Starting with the line with "Zygmunt Bauman (1925-2017)" in the entries below and going on through the line with "Vis in fles, Mactan", output every line exactly and nothing more. No pictures.

(EXERCISE DATA):
=-=-=

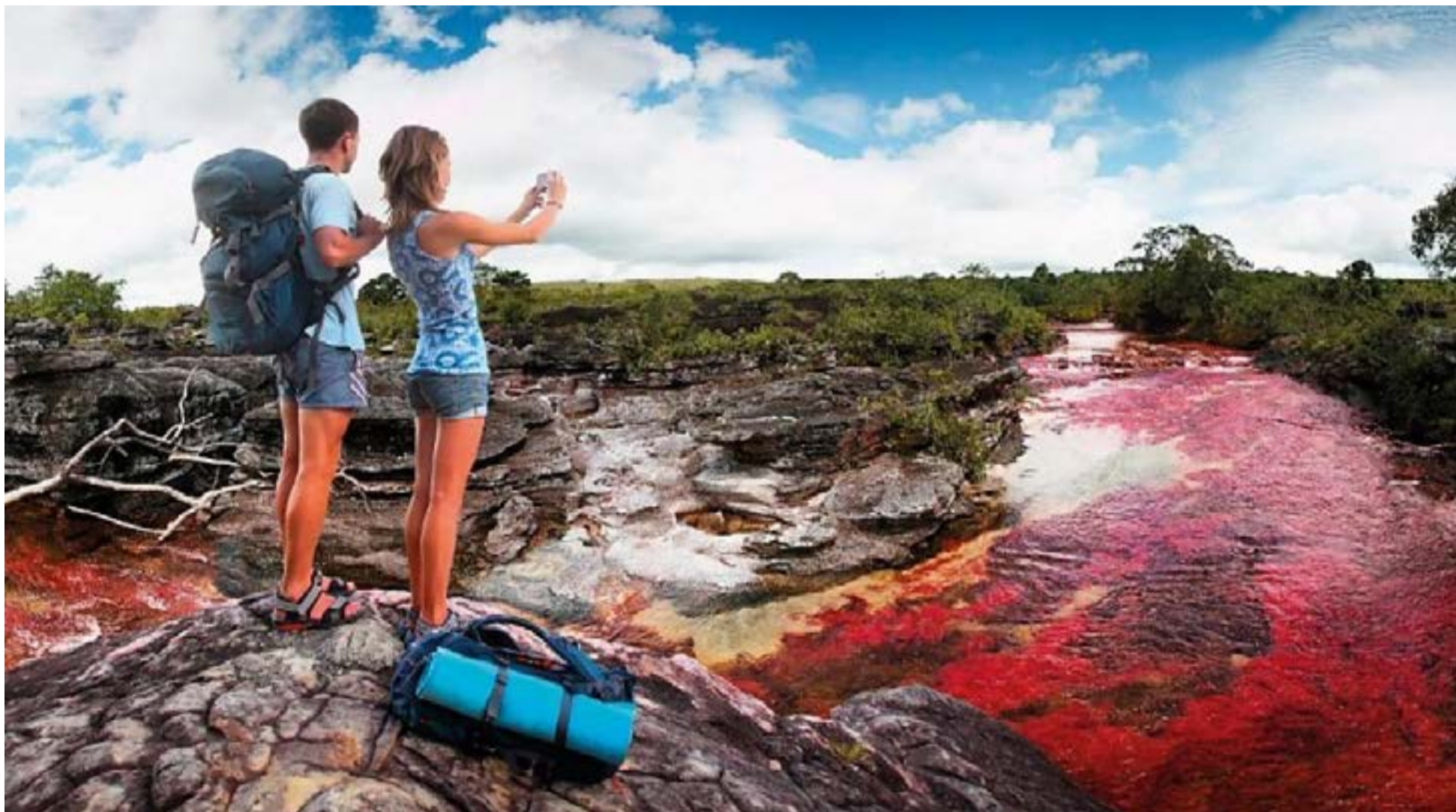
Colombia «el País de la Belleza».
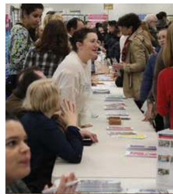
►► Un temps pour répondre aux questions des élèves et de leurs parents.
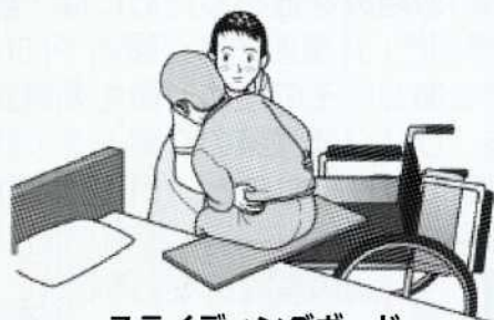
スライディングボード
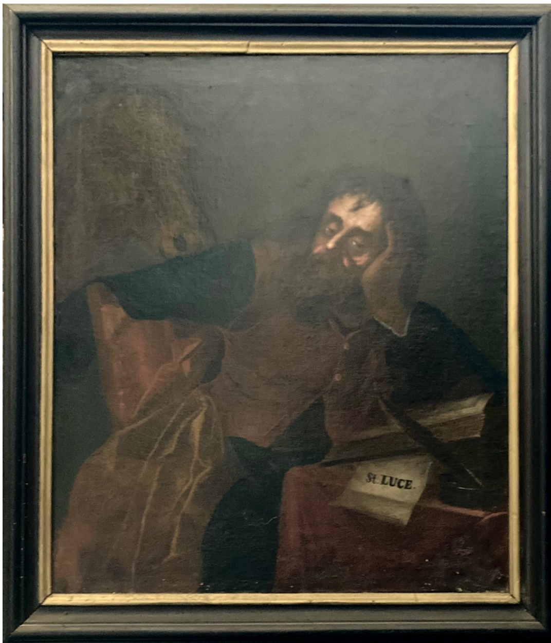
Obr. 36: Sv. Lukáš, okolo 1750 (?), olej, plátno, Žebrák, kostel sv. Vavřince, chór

=-=-=

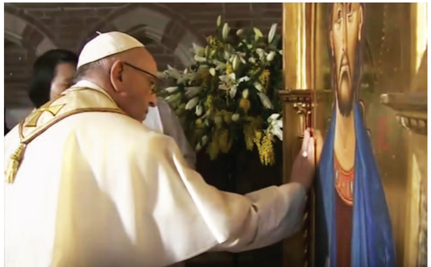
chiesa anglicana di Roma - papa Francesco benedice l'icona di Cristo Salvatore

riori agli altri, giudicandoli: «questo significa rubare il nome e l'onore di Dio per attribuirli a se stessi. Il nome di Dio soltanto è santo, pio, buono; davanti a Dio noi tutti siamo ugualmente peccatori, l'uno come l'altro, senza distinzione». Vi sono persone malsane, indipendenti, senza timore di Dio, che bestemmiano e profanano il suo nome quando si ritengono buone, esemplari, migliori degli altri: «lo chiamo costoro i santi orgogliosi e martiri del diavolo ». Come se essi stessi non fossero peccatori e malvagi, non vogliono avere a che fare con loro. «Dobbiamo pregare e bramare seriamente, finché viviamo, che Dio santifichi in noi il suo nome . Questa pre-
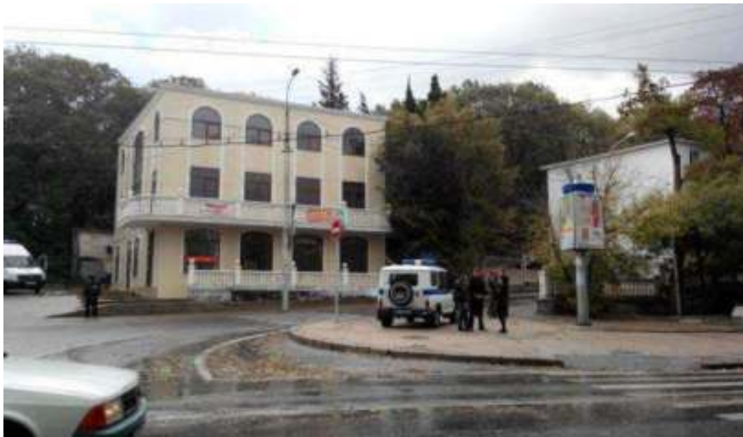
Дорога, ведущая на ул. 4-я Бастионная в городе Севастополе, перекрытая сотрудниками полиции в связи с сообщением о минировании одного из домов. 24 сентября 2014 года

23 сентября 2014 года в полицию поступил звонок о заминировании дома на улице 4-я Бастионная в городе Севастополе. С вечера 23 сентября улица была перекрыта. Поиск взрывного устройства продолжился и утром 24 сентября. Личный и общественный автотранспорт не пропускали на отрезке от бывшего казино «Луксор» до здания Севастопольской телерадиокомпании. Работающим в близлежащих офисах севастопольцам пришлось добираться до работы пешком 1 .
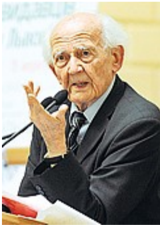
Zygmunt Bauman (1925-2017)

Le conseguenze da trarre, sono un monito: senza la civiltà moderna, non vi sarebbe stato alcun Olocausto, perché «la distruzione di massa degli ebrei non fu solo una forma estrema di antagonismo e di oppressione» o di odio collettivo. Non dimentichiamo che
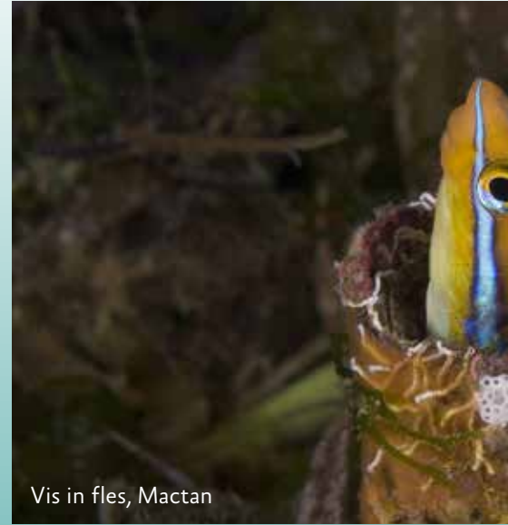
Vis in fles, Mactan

=-=-=

(THE ANSWER):
Zygmunt Bauman (1925-2017)

Le conseguenze da trarre, sono un monito: senza la civiltà moderna, non vi sarebbe stato alcun Olocausto, perché «la distruzione di massa degli ebrei non fu solo una forma estrema di antagonismo e di oppressione» o di odio collettivo. Non dimentichiamo che
Vis in fles, Mactan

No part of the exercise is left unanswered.